This week in history: Chernobyl Exclusion Zone established

A deadly and costly disaster

In April 1986, one of the deadliest nuclear disasters in history took place. An out-of-date design, lack of regulation and operator error combined to cause an explosion and fire at a nuclear reactor near the Ukrainian town of Chernobyl.

The total amount of radiation that resulted has been estimated as having 400 times the potency of the bomb dropped on Hiroshima in 1945.

Initially, the authorities tried to get away with evacuating the 50,000 people living in the nearby town of Pripyat (3km from the power plant). With evidence that radiation was spreading, they took the unprecedented step of creating an exclusion zone within 30km of the reactor.

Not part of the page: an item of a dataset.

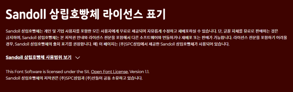 삼립호빵체는 개인 및 기업 모든 사업자가 자유롭게 수정 및 재배포를 할 수 있는 무료폰트 입니다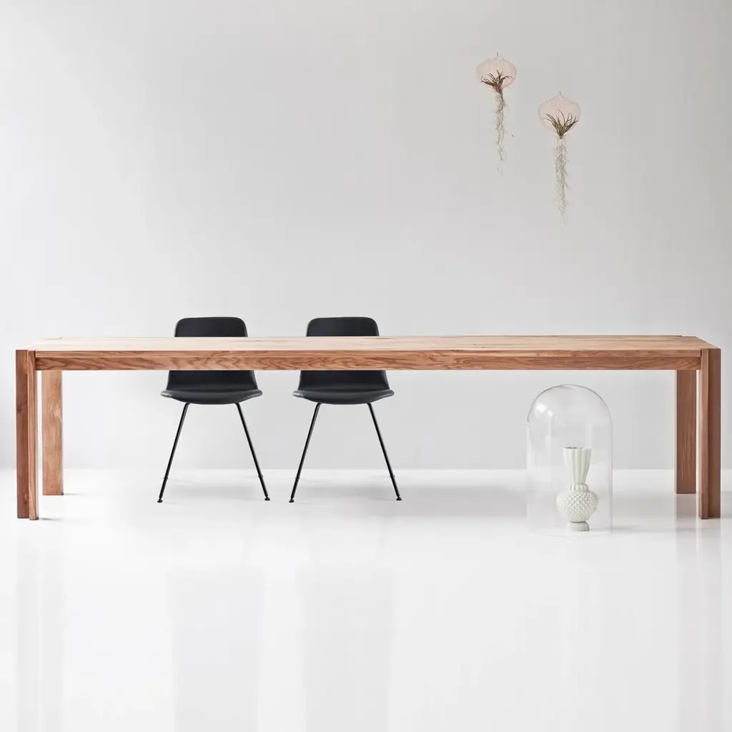 The JEPPE UTZON TABLE #1 balances a sublime contrast between the naked wooden material and the selected crafted details. With sizes up to 300 cm, the table is robust enough to serve a natural gathering point in both meeting rooms and dining halls, yet detailed enough to stand out. JEPPE UTZON TABLE #1 is a solid table made as a "sandwich construction", which significantly minimizes natural movements compared to other solid tables. Beneath the table is a discrete steel cable, which can be adjusted with an ordinary wrench to achieve stability and prevent deflection over the years. Jeppe Utzon has achieved international acclaim as an architect and designer, and the cross-creative DNA comes from no stranger. Jeppe Utzon's grandfather was a famed Danish architect Jørn Utzon - the architect and designer of the Sydney Opera House. As his grandfather, Jeppe Utzon allows detail and totality to work together in a unified expression that has genuine global appeal, and this design philosophy is truly embodied in JEPPE UTZON TABLE #1. Please note: This table is available without any extension, with 1 extension leaf or with 2 extension leaves. Each leaf adds 19.69" to the length of the table. Solid wood is a natural material and therefore it will work/change/react depending on the humidity, direct sunlight, heating etc. The thicker and wider the Table Top is, the more it will react, and small cracks and rough/irregular/uneven surfaces will occur. The construction of the JEPPE UTZON TABLE #1 changed per 04.12.2017. Models ordered after this date are not compatible with models ordered before.

They also launched a massive operation to prevent another explosion at the reactor and decontaminate the land. In the end, 200,000 people had to move.

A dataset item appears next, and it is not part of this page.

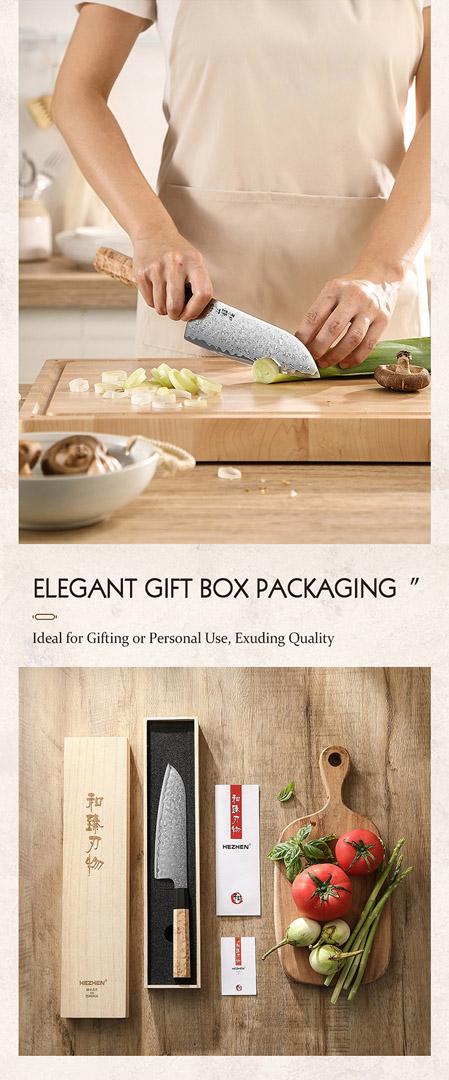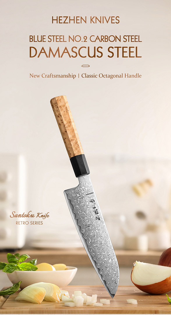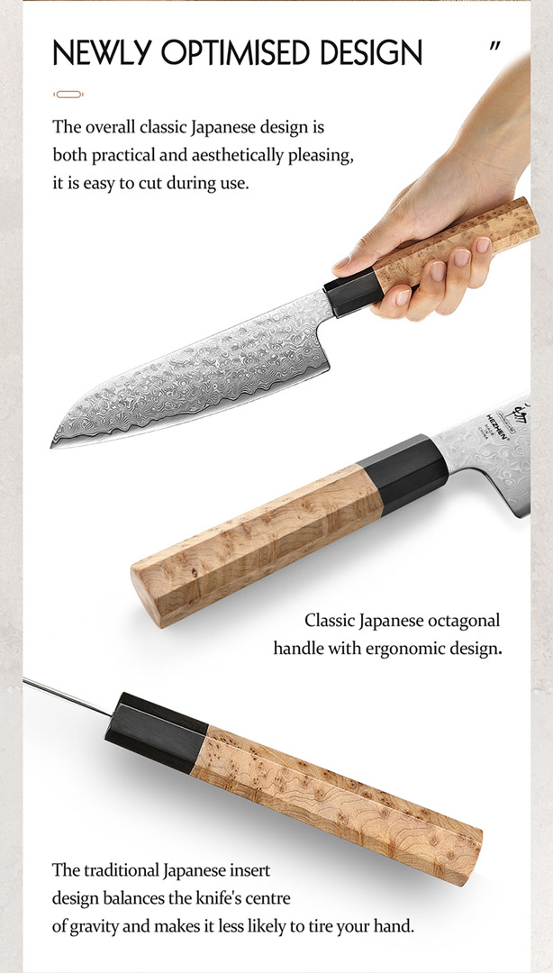 Elegantes 7.5“ Santokumesser mit 49-lagiger Damaststahlklinge und klassischem achteckigen Griff aus Maser-Ahorn – japanische Handwerkskunst für höchste Präzision.

Due to the complexity of the task, and the fact that radiation limited the amount of time that workers could spend on the clean up, around 700,000 people ended up being involved.

Soviet estimates put the cost of the clean up at $18bn ($39bn in today’s money). Other estimates put the cost to neighbouring Belarus alone at $235bn. Even today Ukraine spends 5% of its total spending on special pensions and healthcare benefits. Former Soviet leader Mikhail Gorbachev believes the cost of Chernobyl sped up the collapse of the USSR.

Nuclear fallout spread across Europe, carried by winds. While scientists believe that it had a minimal impact on public health, it led to a backlash against nuclear power. In 1987, a public referendum led to Italy phasing out its nuclear plants by 1990.